Recommendation Systems are main application (e-commerce)

Market Basket Analysis

Definitions

  • X→Y : Association rule (relationship between item sets)

    • Association rules are direction

    • Item sets cannot be overlapping

  • X : antecedent (body)

  • Y : consequent (head)

Metrics / Measures

Assessing association rules

  • (Support Count) count of transactions containing item-set [σ]

    • Support count of X, support count of Y and support count X→Y

    • Not directional

  • (Support Percentage) fraction of transactions that contain all item-sets; probability randomly selected transaction contains item set [s]

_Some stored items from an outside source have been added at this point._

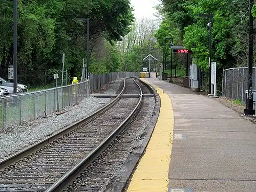 West Roxbury station is an MBTA Commuter Rail station in Boston, Massachusetts, served by the Needham Line. It is located on an embankment above Lagrange Street in the West Roxbury neighborhood. The station is accessible with a short mini-high platform on the outbound end of the main platform.
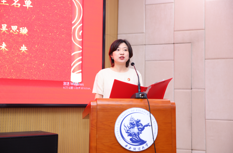 公司党委副书记胡博宣读《关于表彰2023年中财史蒂文斯项目优秀毕业生的决定》,为获表彰的同学颁发荣誉证书并致以祝贺。
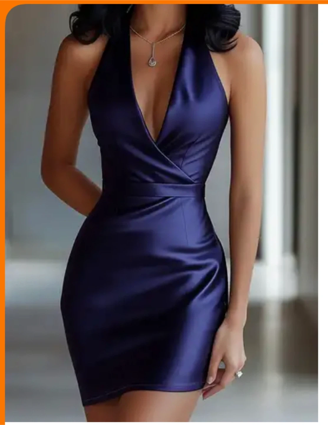 Selling a stylish navy blue halter mini dress! It's perfect for a night out or a special occasion. The dress features a flattering wrap-style front and a sleek, bodycon fit. The material has a subtle sheen that catches the light beautifully
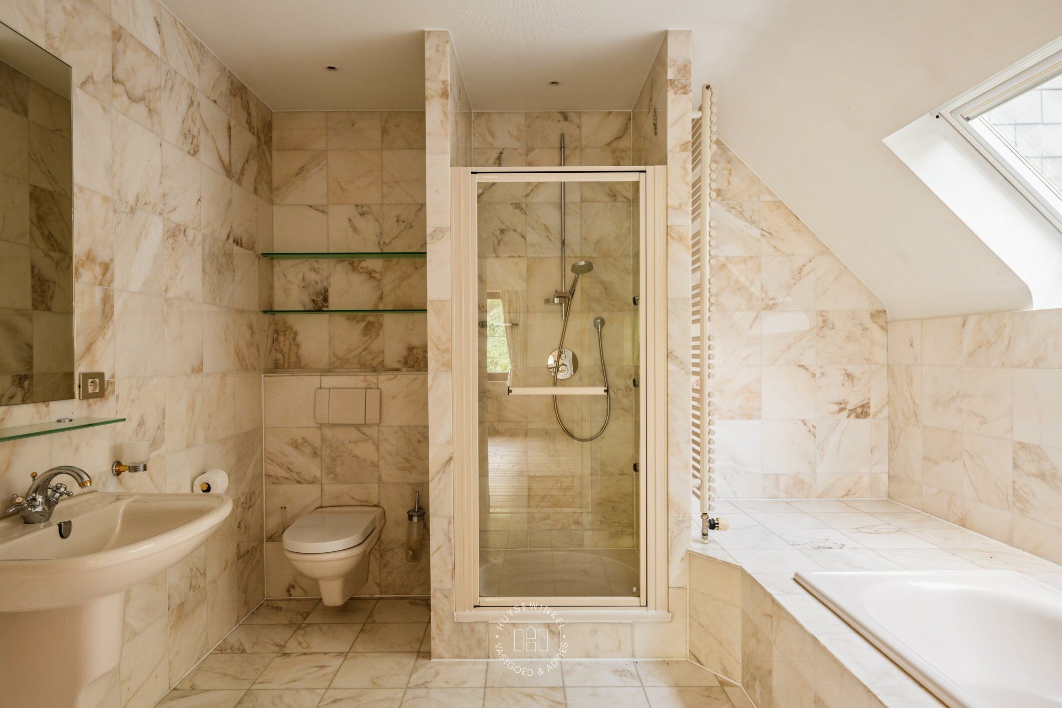 De keuken is uitgerust met de nodige toestellen en heeft aansluitend een praktische bijkeuken. Via de nachthal bereik je het slaapgedeelte. Hier bevinden zich drie slaapkamers, waaronder de master bedroom met ensuite badkamer, alsook een tweede slaapkamer met ensuite douchekamer.
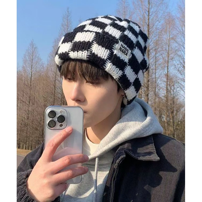 New Black Plaid Thick Warm Men Knit Bonnie HatMade of fine Knit Blended.Hat Circumference: 58cm/22.62". Matches easily with daily hairstyle, dresses & Shirts
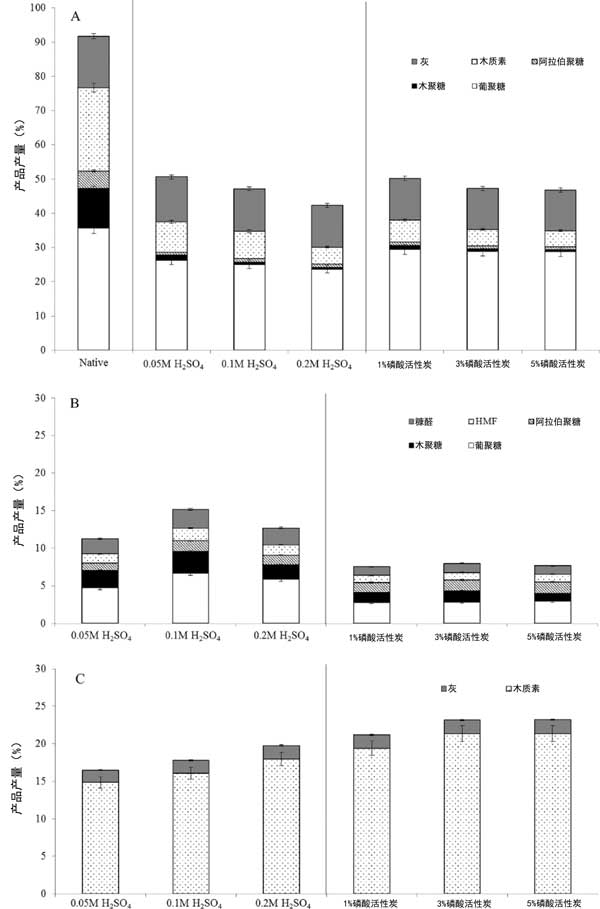 圖2:磷酸加入活性炭的濃度對生物質(zhì)分離的影響(A)固體部分,(B)含水部分,(C)有機部分。
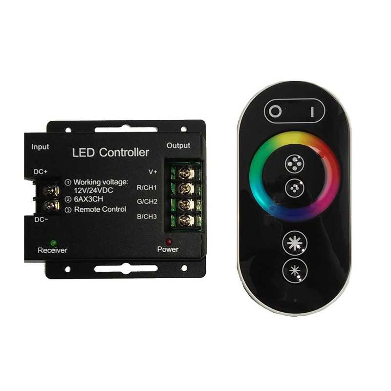 RGB controller KM-RGB-11, 3x6A 12V/216W 24V/432W s RF prenosom, slúži na ovládanie RGB pásov s možnosťou nastavenia rôznych statických farieb svetlá, alebo spustenia viacerých dynamických programov. Pri nastavení statickej farby je možné zvýšiť / znížiť intenzitu osvetlenia, pri spustenom programe je možné zvýšiť / znížiť rýchlosť programu.
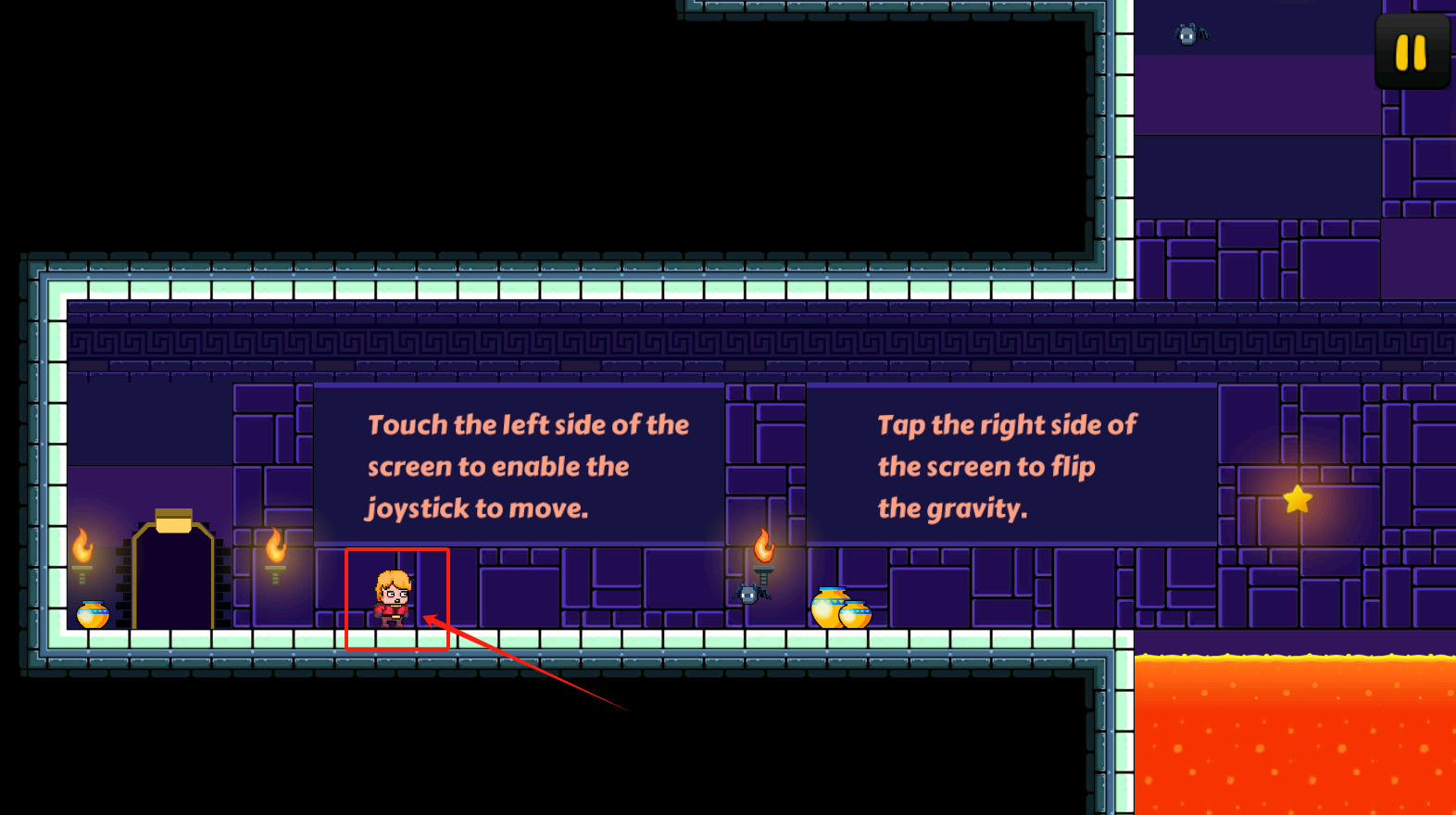 3、在游戏过程中,左边屏幕滑动控制角色移动,右边点击一下能反转重力,同时要注意收集星星和宝箱,它们对后续发展有重要作用。
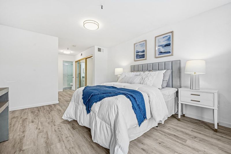 REMODELED CORNER UNIT 2-bedroom, 2-bath condo in the highly desirable Old Mill community, served by TOP-RATED LOS ALTO schools. This home features a newly upgraded open-concept kitchen with quartz countertops, custom cabinetry, and stainless steel appliance, ideal for everyday living and entertaining. The inviting living room opens to a private balcony with abundant natural light. A split-bedroom layout offers excellent privacy. The entire remodel was completed with permit, including both fully updated bathrooms. Enjoy in-unit laundry, A/C, new double-pane acoustic windows, vinyl flooring, recessed lighting, and an upgraded electrical panel. Secured building with elevator access and assigned under-building parking. Community amenities include two pools, a hot tub, updated clubhouse, and picnic areas. Exceptional location within walking distance to Whole Foods, Trader Joes, Target, 24 Hour Fitness, Caltrain (San Antonio Station), and nearby parks. Minutes to Google, Meta, Waymo, Microsoft, Amazon, Stanford University, and major Silicon Valley tech hubs. Covington Elementary, Egan Junior High, and Los Altos High (buyer to verify eligibility).
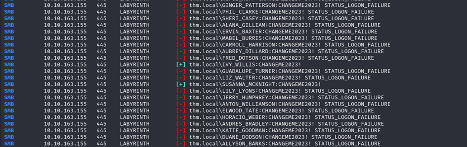 So, by spraying this password on all users, I manage to compromise 2 accounts:

    • # of transaction with item set / total # of transactions

    • Support percent of X, support percent Y, support percent X→Y

    • Not directional

  • (Confidence) how often Y appears with transactions containing X; probability transaction including X will include Y [conf.]

    • Count (X→Y) / Count (X)

    • Directional

  • (Lift) measure o how much more likely 2 item sets co occur [lift]

    • Conf. (X→Y) / S(Y)

    • No direction

Algorithms - finding good candidates

  • To find rules that are good candidates, only consider frequent item-sets; specify minimum support (minsupp) and minimum confidence (minconfidence) based on domain knowledge or business goals

  • Frequent item-sets → support >= minsupp

    • Minimum support threshold lightens computational load

Apriori Algorithm

  • Key idea → if item set X is not frequent then any item sets containing X cannot be frequent

    • Algorithm process:

      1. consider all one-item-sets, compute support, keep sets with supp >= minsupp

      2. form two-item-sets with items sets from step 1, keep sets with supp >=minsupp

      3. form three-item-sets with items from step 1, keep sets with supp >=minsupp

      4. continue till no further combo’s to consider, resulting item sets satisfy minsupp

      5. calculate confidence of item-sets, keep sets with conf. >= minconfidence; this is the final set of rules

        • Can also calculate lift of these rules

Interpretation of results

  • Confidence: when X happens, [conf.]% of the time Y also happens

  • Lift: when X happens, Y is [lift-1] percent more/less liekly

    • Lift > 1; customers who buy X are more likely to buy Y

    • Lift = 1; customers who buy X are as likely to buy Y

    • Lift < 1; customers who buy X are less likely to buy Y

Cluster Analysis

Organizing observations in internally similar and meaningful clusters

Cluster Properties

  • High Intra-Similarity → points in same cluster are similar to each other

  • Lower Inter-Similarity → points in different clusters are different

Applications of Clustering

  1. Discover natural patterns in data

  2. Facilitate analysis of large datasets

Why Algorithms

  • Data sets in N-dimensional spaces; datasets with M observations of N dimensions, we need to:

    • Understand similarity between data

    • Decide which clustering method

    • How many clusters (stopping criteria)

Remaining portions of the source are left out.